**Record excerpts:**
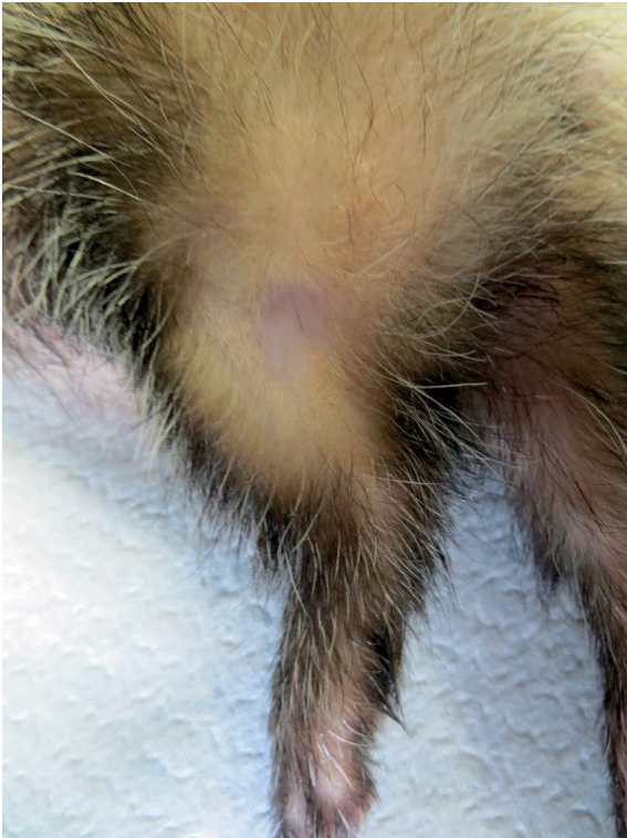
FIGURE 10. Complete response of squamous papilloma (Tumour 4) - 70 days after electrochemotherapy.

ti-tumour effectiveness, combined with excellent functional and cosmetic effects, while being less invasive than surgery. 8,10,11,12
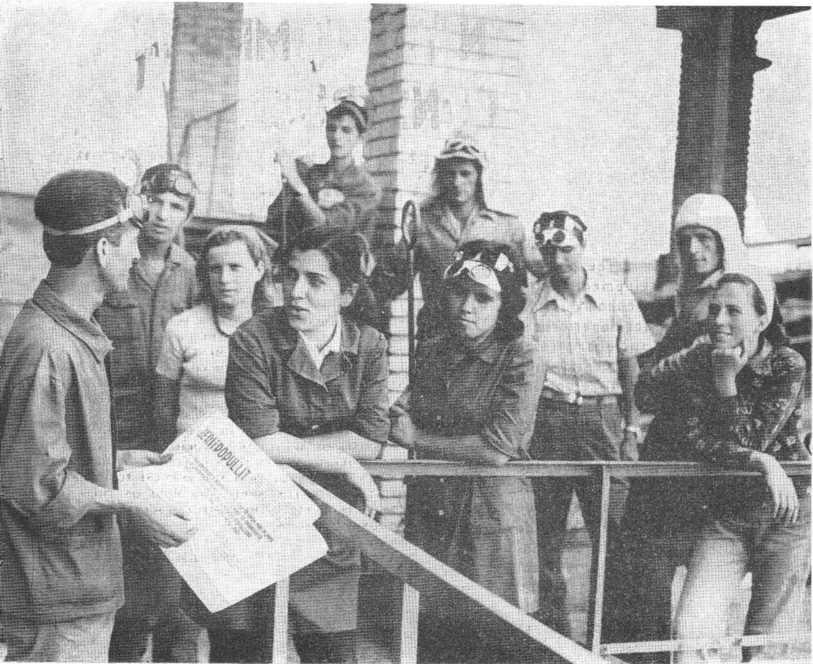
The Albania working people are extensively discussing the draft-directives of the five-year plan.
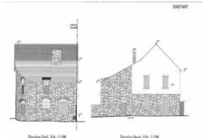
Elevation Nord - Ech.: 1/100
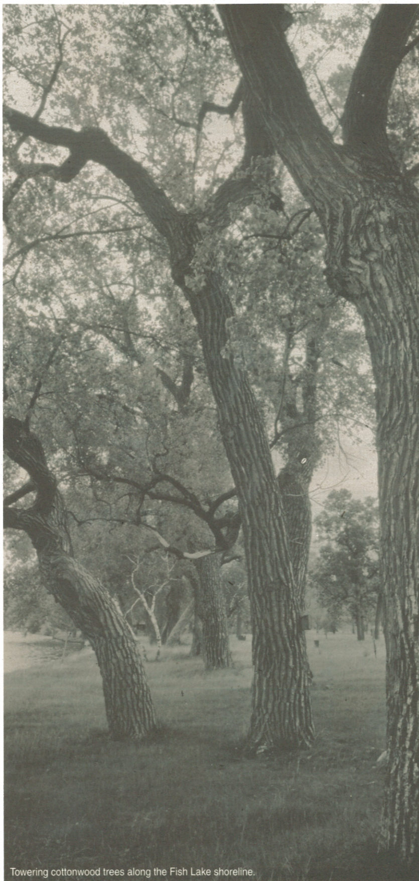
Towering cottonwood trees along the Fish Lake shoreline.
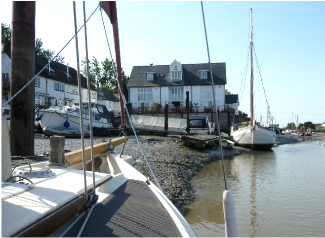
Mooring up in Conyer Creek
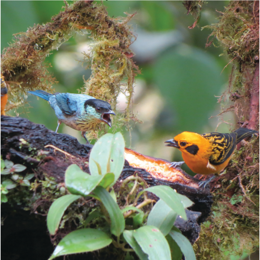
Black-capped Tanager and Golden Tanager

**Task requirements:**
Every record is to be restated word for word, with the pictures left out.

**Result below:**
FIGURE 10. Complete response of squamous papilloma (Tumour 4) - 70 days after electrochemotherapy.

ti-tumour effectiveness, combined with excellent functional and cosmetic effects, while being less invasive than surgery. 8,10,11,12
The Albania working people are extensively discussing the draft-directives of the five-year plan.
Elevation Nord - Ech.: 1/100
Towering cottonwood trees along the Fish Lake shoreline.
Mooring up in Conyer Creek
Black-capped Tanager and Golden Tanager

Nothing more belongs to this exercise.